— Вот ты жук! — Усмехнулась Юлька. — Ладно, подлиза. Будут тебе блинчики. Пал Саныч, говоришь? Что за Виталька?
— Ну, мааааа. Я ж тебе рассказывал. Пацан из нашего отряда. Ну, тот, который ещё сбежал из лагеря с кентами из ближнего посёлка и пошёл на озеро с ними, а там с тарзанки на арматурину спрыгнул и ногу разодрал. И они его на руках тащили обратно. Его ещё хотели домой отправить, но Пал Саныч приехал и сказал, что если б его в детстве с каждой царапиной дома запирали, то он бы на улице и не бывал. Ну, помнишь?

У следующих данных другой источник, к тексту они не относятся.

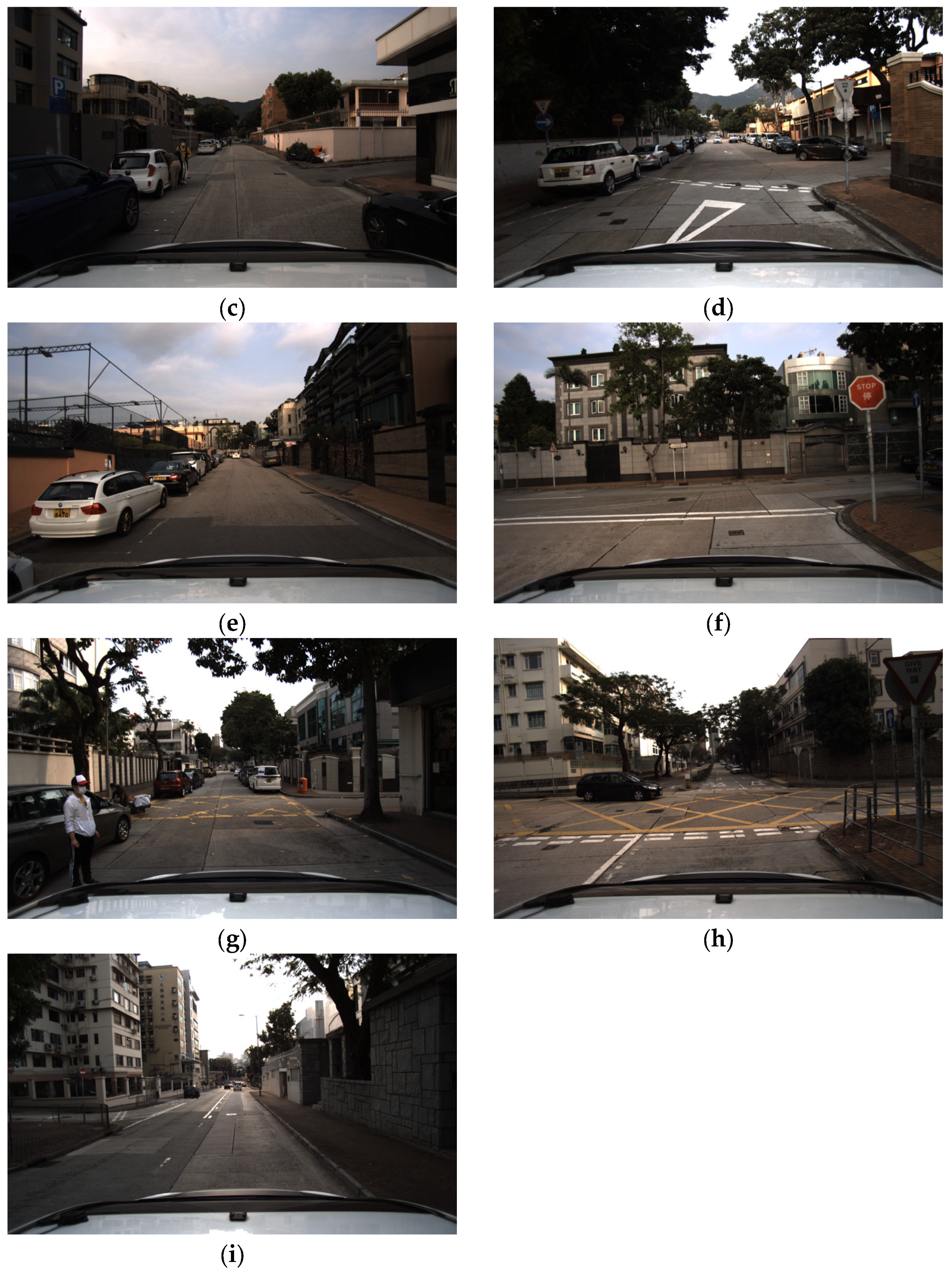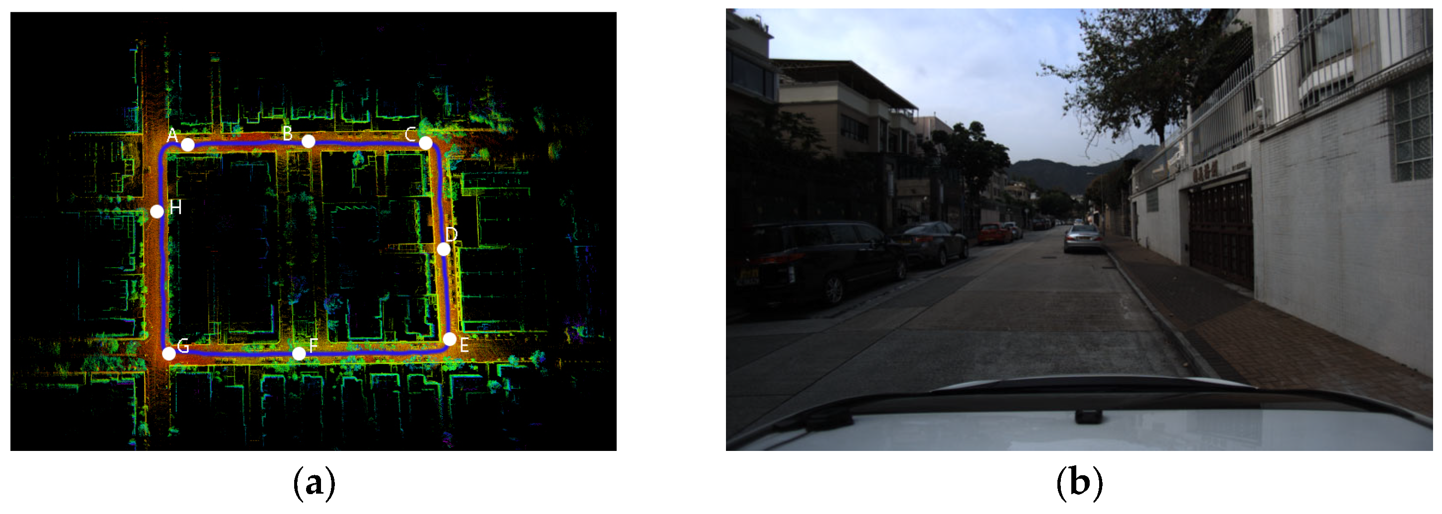 Figure 3b–i present real-world visual observations at each corresponding waypoint (A~H). The images reflect diverse conditions such as changes in road geometry, lighting variations, and the presence of dynamic objects like pedestrians and parked vehicles. Such complexity increases the difficulty of environmental perception and map construction, thereby offering a realistic and challenging benchmark for testing the robustness and adaptability of the Scan-to-Map method under practical urban navigation scenarios.

— Помню, помню, не части. Поняла тебя. — Юля переставила ноутбук на столик и потянулась. Глаза немного устали, это чувствовалось по «песочку» под веками. — Герои возвращаются домой, а рыдающие женщины будут портить их героический имидж. Буду сидеть дома, печь блинчики и глядеть в окошко, утирая глазоньки платочком.
— Ну, мааааа. — Снова протянул Илья.
— Всё, всё, шучу я. Просто я соскучилась, не представляешь как.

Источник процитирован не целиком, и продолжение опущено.